Supplied information >>
○ ○ ○ ○
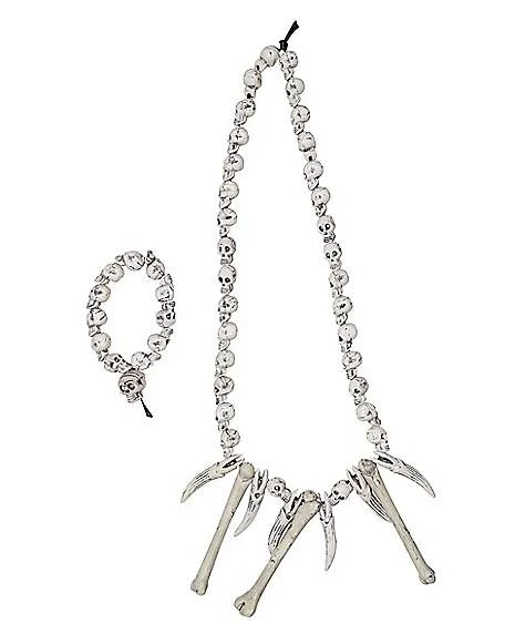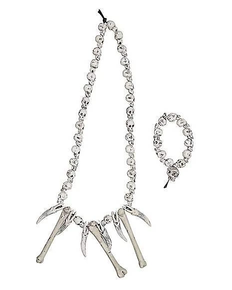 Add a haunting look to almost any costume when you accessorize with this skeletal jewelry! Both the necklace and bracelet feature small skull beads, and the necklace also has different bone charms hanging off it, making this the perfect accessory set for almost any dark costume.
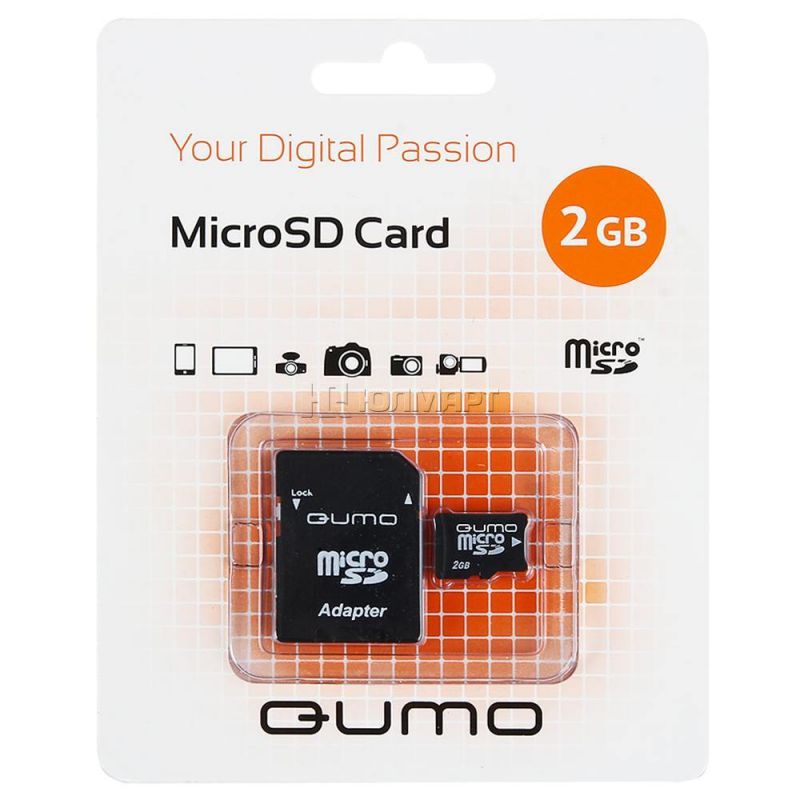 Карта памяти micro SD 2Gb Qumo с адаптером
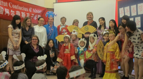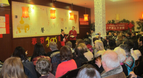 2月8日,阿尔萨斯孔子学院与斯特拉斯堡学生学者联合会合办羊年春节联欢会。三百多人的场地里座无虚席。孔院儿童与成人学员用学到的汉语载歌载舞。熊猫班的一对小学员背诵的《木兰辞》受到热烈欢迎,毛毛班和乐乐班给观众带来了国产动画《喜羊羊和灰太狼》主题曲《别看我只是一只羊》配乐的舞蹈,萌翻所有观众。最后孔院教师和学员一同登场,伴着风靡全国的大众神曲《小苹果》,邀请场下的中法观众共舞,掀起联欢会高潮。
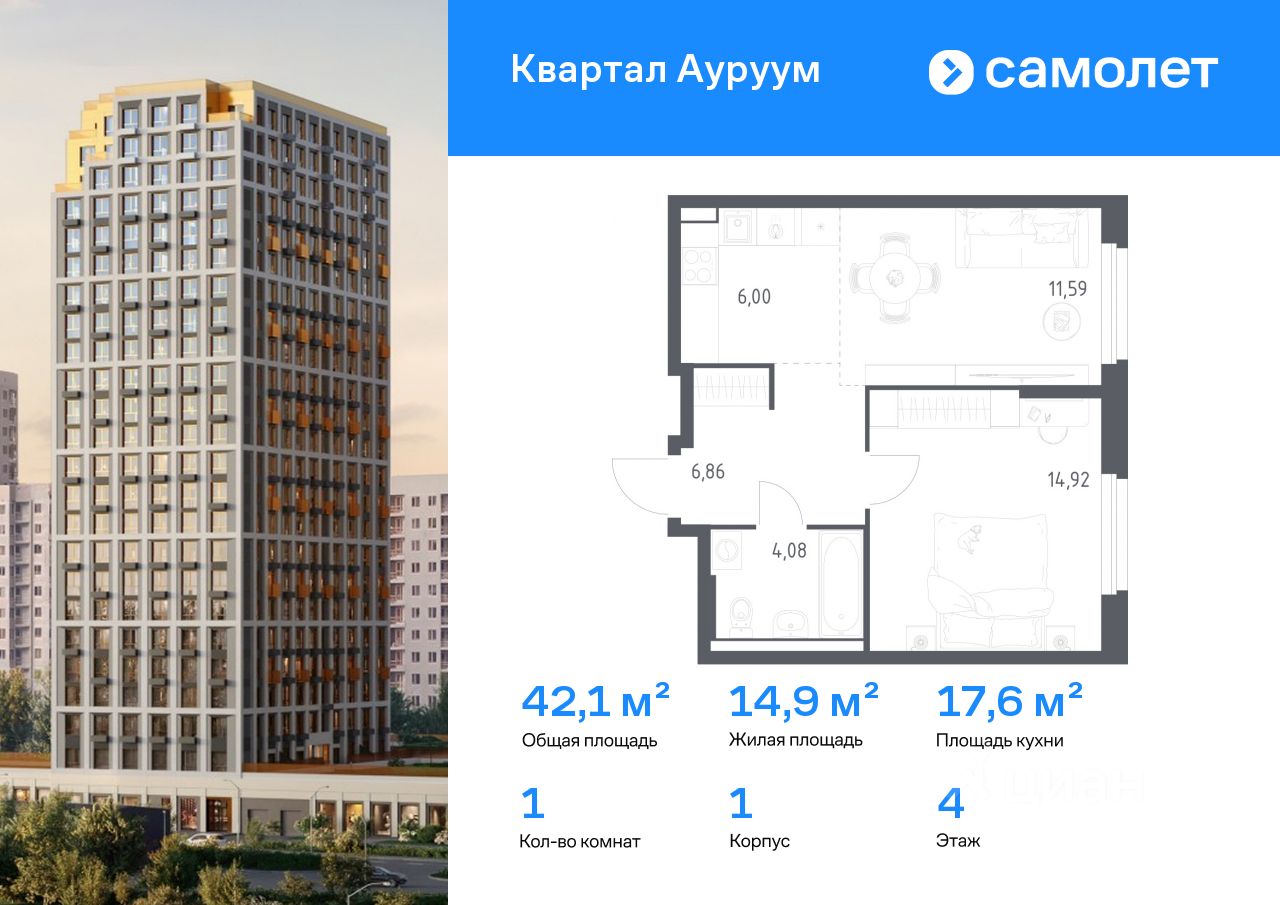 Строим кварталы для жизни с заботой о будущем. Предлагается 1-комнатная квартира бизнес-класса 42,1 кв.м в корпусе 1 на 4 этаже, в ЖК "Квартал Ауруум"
○ ○ ○ ○
Pictures included in the data should be dropped; everything else must be repeated exactly.

 Add a haunting look to almost any costume when you accessorize with this skeletal jewelry! Both the necklace and bracelet feature small skull beads, and the necklace also has different bone charms hanging off it, making this the perfect accessory set for almost any dark costume.
 Карта памяти micro SD 2Gb Qumo с адаптером
 2月8日,阿尔萨斯孔子学院与斯特拉斯堡学生学者联合会合办羊年春节联欢会。三百多人的场地里座无虚席。孔院儿童与成人学员用学到的汉语载歌载舞。熊猫班的一对小学员背诵的《木兰辞》受到热烈欢迎,毛毛班和乐乐班给观众带来了国产动画《喜羊羊和灰太狼》主题曲《别看我只是一只羊》配乐的舞蹈,萌翻所有观众。最后孔院教师和学员一同登场,伴着风靡全国的大众神曲《小苹果》,邀请场下的中法观众共舞,掀起联欢会高潮。
 Строим кварталы для жизни с заботой о будущем. Предлагается 1-комнатная квартира бизнес-класса 42,1 кв.м в корпусе 1 на 4 этаже, в ЖК "Квартал Ауруум"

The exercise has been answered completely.